It is clear from the previous, that the malice principle can be classified as being only “permissive” in nature. However, by sanctioning criminal liability in respect of any level of harm caused to a particular interest, derived from the wrongfully directed conduct, the proportionality principle appears to have permissive as well as restrictive elements.11 Both principles permit criminal liability for any harm caused to an interest, which goes beyond what was intended or foreseen. However, the proportionality principle, in contrast to the malice principle, restricts this form of liability to occasions in which the harm caused was not disproportionate to the intended harm.
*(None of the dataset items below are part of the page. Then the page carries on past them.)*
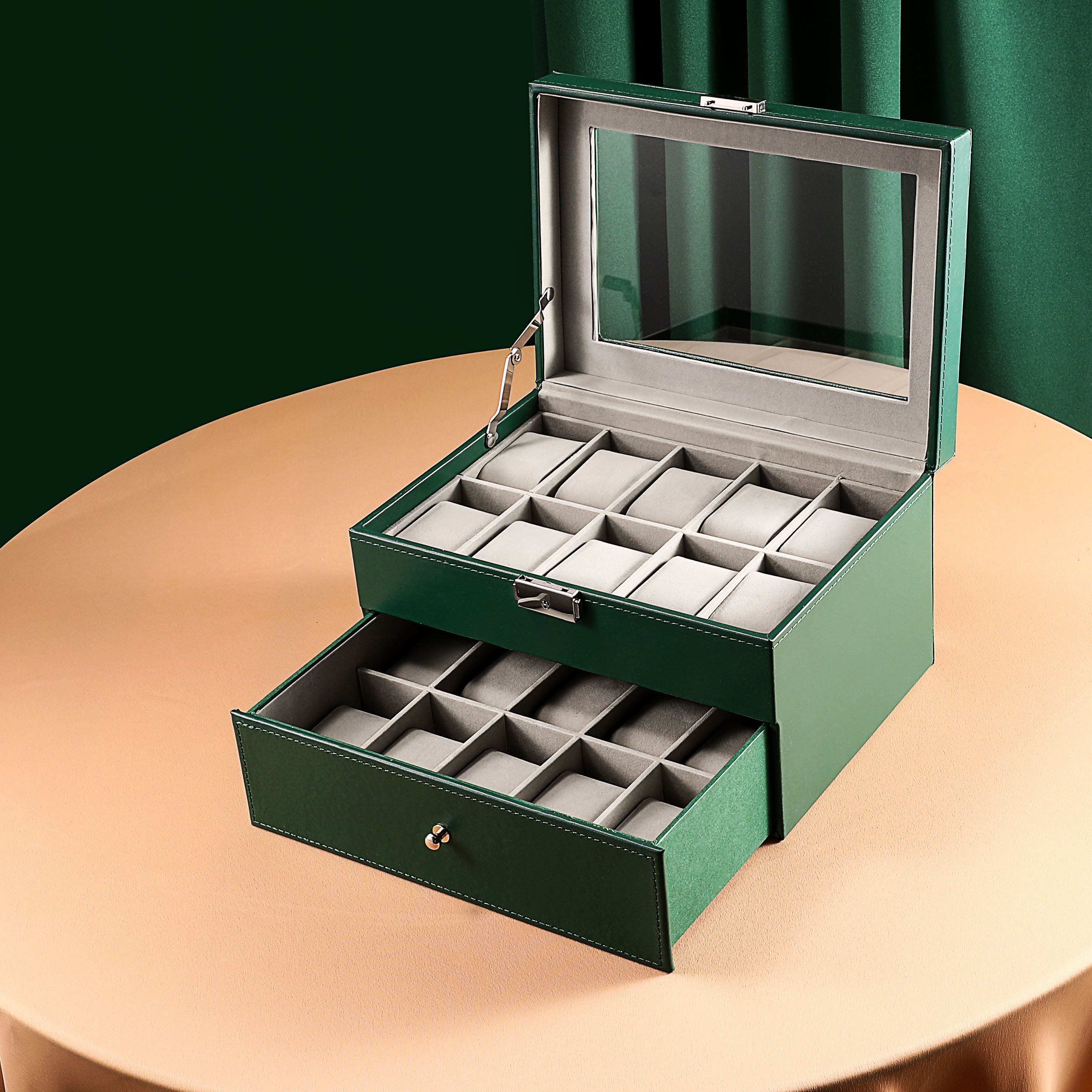 Double layer 20 Watches Box Black Double 20 Watches Box Coffee Double 20 Watches Box Ink Green Double watches First accessories box Coffee Double Watches First Accessories Box Black Double watches First decoration Box Ink Green
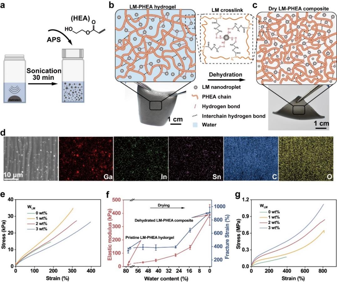 液态金属纳米液滴与引发剂过硫酸铵(APS)协同引发单体2-羟乙基丙烯酸酯(HEA)的聚合,实现在2 min内快速凝胶化,形成聚合物液态金属复合水凝胶(图1a-d)。其中,液态金属纳米液滴通过表面的氧化物与聚合物链形成氢键,能够作为一种物理交联点增强凝胶的机械性能(图1e)。经过干燥处理后,复合材料的机械性能大幅增强,弹性模量和断裂应变从最初的12.7 kPa和340%分别提高到388 kPa和913%(图1f-g)。
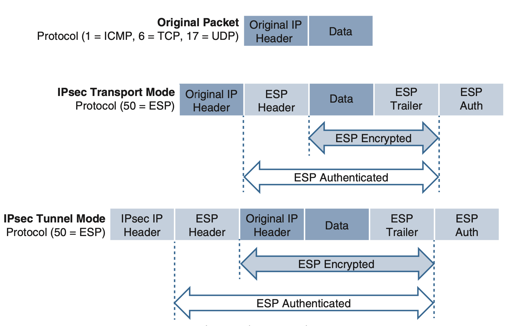Auch ESP kann in Transport oder Tunnel Modus eingesetzt werden. Die Funktion ist gleich wie beim AH.
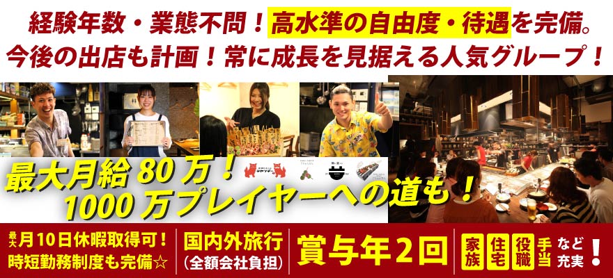 | 募集職種 | 1.店長・店長候補 、2.料理長・料理長候補 、3.SV 、4.調理師・キッチンスタッフ 、5.ホールスタッフ 、6.調理見習い |
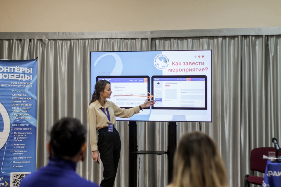 В составе выступающих также присутствовала Екатерина Егоровна Чернова - исполнительный директор Красноярского регионального отделения ВОД «Волонтеры Победы». Екатерина рассказала участникам об организации работы движения в муниципальных образованиях Красноярского края в новом 2023 году.
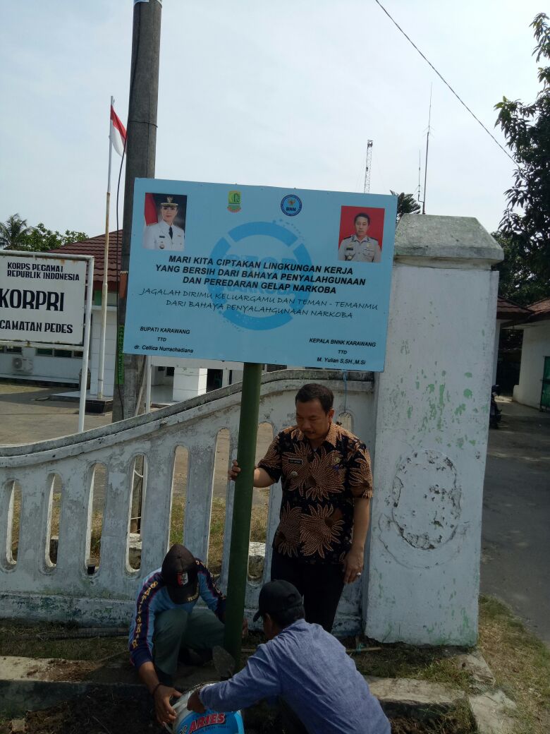 KARAWANG-Camat Pedes, Asep Supriyadi memasang plang himbauan tentang bahaya penyalahgunaan narkoba di depan kantor Kecamatan. Hal itu dilakukan sebagai bentuk kepeduliannya terkait bahaya penyalahgunaan narkoba yang penyebarannya sudah hampir disetiap lapisan masyarakat.
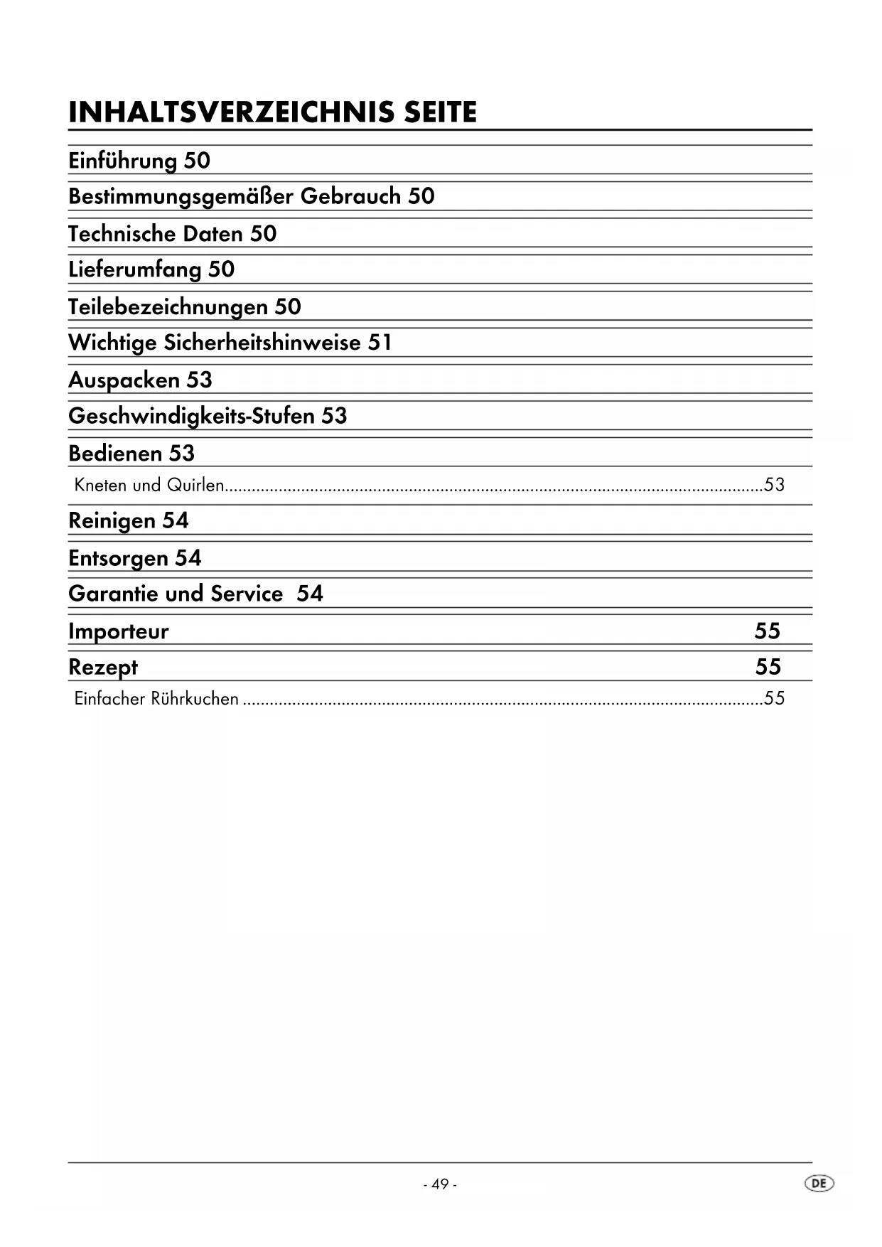- lucht en bak de cake ca. 40 - 45 minuten.- 48 -- 49 - INHALTSVERZEICHNIS SEITE Einführung 50 Bestimmungsgemäßer Gebrauch 50 Technische Daten 50 Lieferumfang 50 Teilebezeichnungen 50 Wichtige Sicherheitshinweise 51 Auspacken 53 Geschwindigkeits-Stufen 53 Bedienen 53 Kneten und Quirlen p. 53

Both these principles have been supported by the labelling principle, which may constitute a further hidden principle in accordance with Horder.12 This latter principle explains that in the event that a certain type of criminal wrong is also mirrored in a morally substantial label, such as for example murder, it may be justified to recognise circumstances when the label is not justified or deserved, despite the harm having been caused. Evidently, the same principle may apply the opposite way around as such that the could be circumstances when one feels that morally a more stigmatising label would be more appropriate to address the same form of harm, in cases in which there is a more serious manifestation of the wrong committed.13 Despite these principles having developed significantly in the English legal principles of culpability, especially the proportionality and the malice principles, it appears that none of the three principles are specifically discussed in the legal textbooks.14 The reason for these general principles being neglected throughout the historic development of criminal law in England and Wales is seen in the idea that the legal evolution follows a movement which is directed towards a so-called ideal subjectivism in relation to criminal liability. According to this idea, a defendant cannot be held guilty for a morally stigmatised crime,15 unless it was his or her intention to cause this forbidden consequence with his or her conduct, or that he or she was at least aware that this consequence could have been a possibility. Accordingly, it is necessary for the subjective mens rea to correspond with the precise nature of the relevant actus reus.16

The issue of missing mens rea elements in criminal liability in practice: The issue of strict liability

This discussion necessitates a critical evaluation of the principle of strict liability and the question whether it violates traditional principles of criminal responsibility. Strict liability offences do not need proof of mens rea in relation to one or more of the actus reus elements.17 These largely constitute statutory offences and generally regulatory offences that apply to issues such as food safety, pollution, public health or road traffic.18 A fundamental criminal law principle is that criminal liability needs both the elements of actus reus as well as mens rea.19 Thus, it is possible to argue that an imposition of criminal liability on a person without proving that he or she has guilty mind, would violate the traditional notion of criminal responsibility.20

It is not essentially evident from looking to the statutory provision if an offence falls under strict liability.21 It has been held that, when a statutory provision is tacit regarding mens rea, that it is presumed that the mens rea elements are necessary.22 Yet, this presumption could be expatriated by the words within the statute or through the subject-matter of the offence in question.23

In Gammon (Hong Kong) Ltd v Attorney General of Hong Kong 198524, guidelines were laid down to determine when an offence is of strict liability. It was held that the mens rea presumption was considerably stronger when the offence was “truly criminal” in nature, instead of merely regulatory, and this could be displaced only by express wording or in the event that it was a necessary implication of a statutory effect.25 In this sense, the statute needs to involve a matter of social concern. Moreover, the imposition of strict liability requires the promotion of the object of the statute.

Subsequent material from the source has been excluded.